We went with Ronnie who looked at it as a musical trying to be a movie, as manifested by the many gory scenes. For her money the film was not a success. For me, I imagine myself to be Sondheim and would be thrilled to have had such a terrific realization of my music firmly fixed in a visual medium.

The music from the film was terrific of course. I couldn’t identify all of the underscore. It is perhaps underscore from the musical that didn’t make it to the recording, but I wondered whether Sondheim had done some of it fresh. It was all brilliantly orchestrated by Jonathan Tunick.
I was proud of Johnny Depp and Helen Bonham Carter for doing such good performances in the film. Carter’s voice seemed a bit meek and I was momentarily horrified thinking a whole new generation of Sweeney lovers would grow up knowing HER performance, and not someone like Angela Lansbury. I realized that I was starting to sound like an old fart so I’m learning to live with Helen’s fine performance.

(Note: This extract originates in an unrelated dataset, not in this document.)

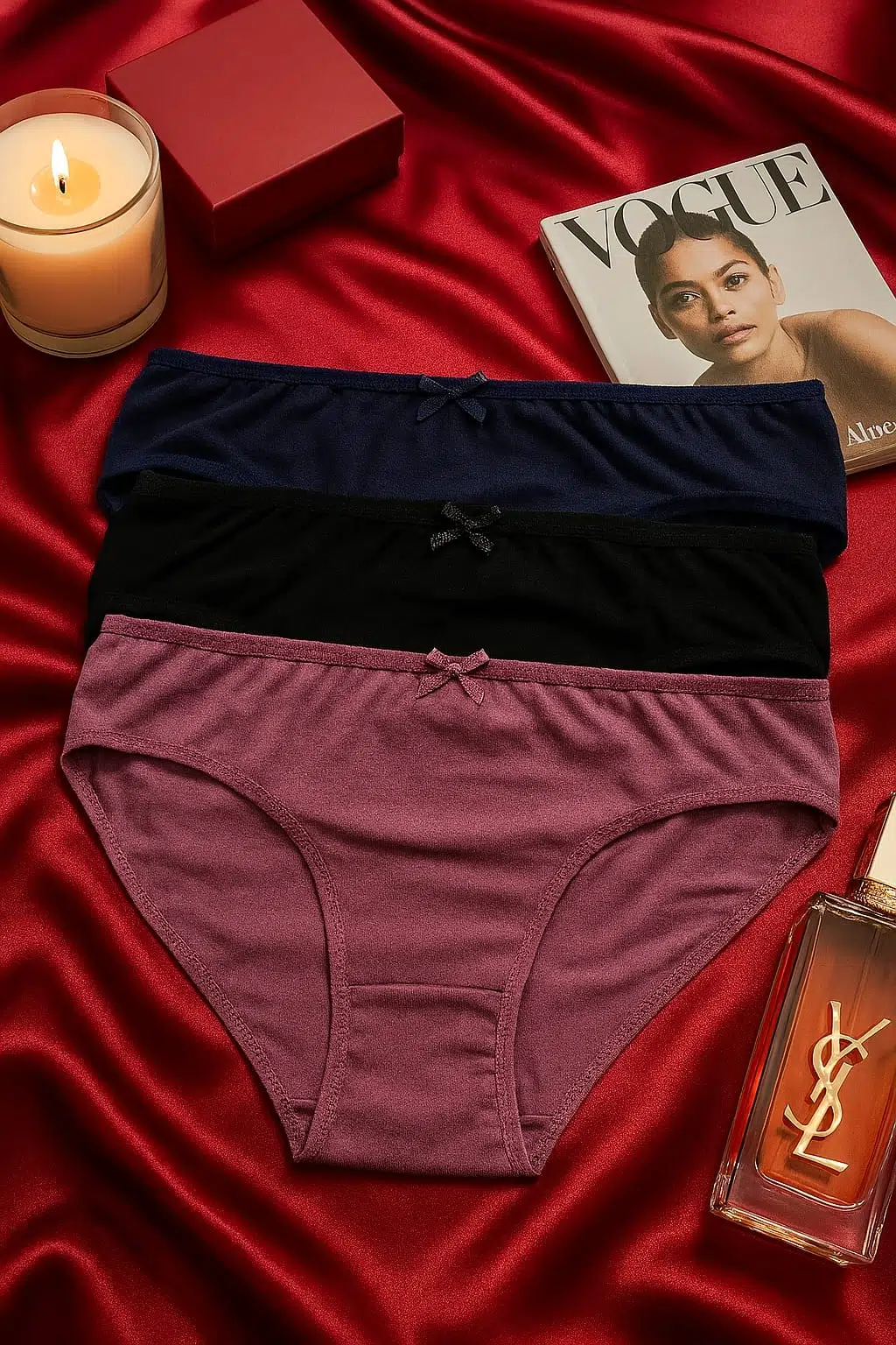 Paket İçeriği: 3 adet külot (Lacivert, Siyah, Mor)

After going on about what great music it all was, I realized that many people will have a hard time getting through the gore to find the music. And when I tell people how much I love this film, I don’t mean to be saying I LIKE this twisted character and what he does, I just love the music in the film.
This music is, musically, everything I would want from a smart musical. [“Smart” as opposed to a populist musical like a Disney musical, with that pre-canned Disney sound.] As I listen to the music, I hear influences from many of my favorite composers — Ravel or Puccini or Stravinsky. I don’t hear any explicit influence from his old teacher [Milton Babbitt], but I hear Lenny, and I hear Bizet’s “Carmen.”

If I were to articulate my greatest goal as a composer, it would be to compose large scale pieces in the tradition of “Carmen,” “West Side Story,” and “Sweeney Todd.” The mix of popular music and so-called classical music in all three is thrilling to me.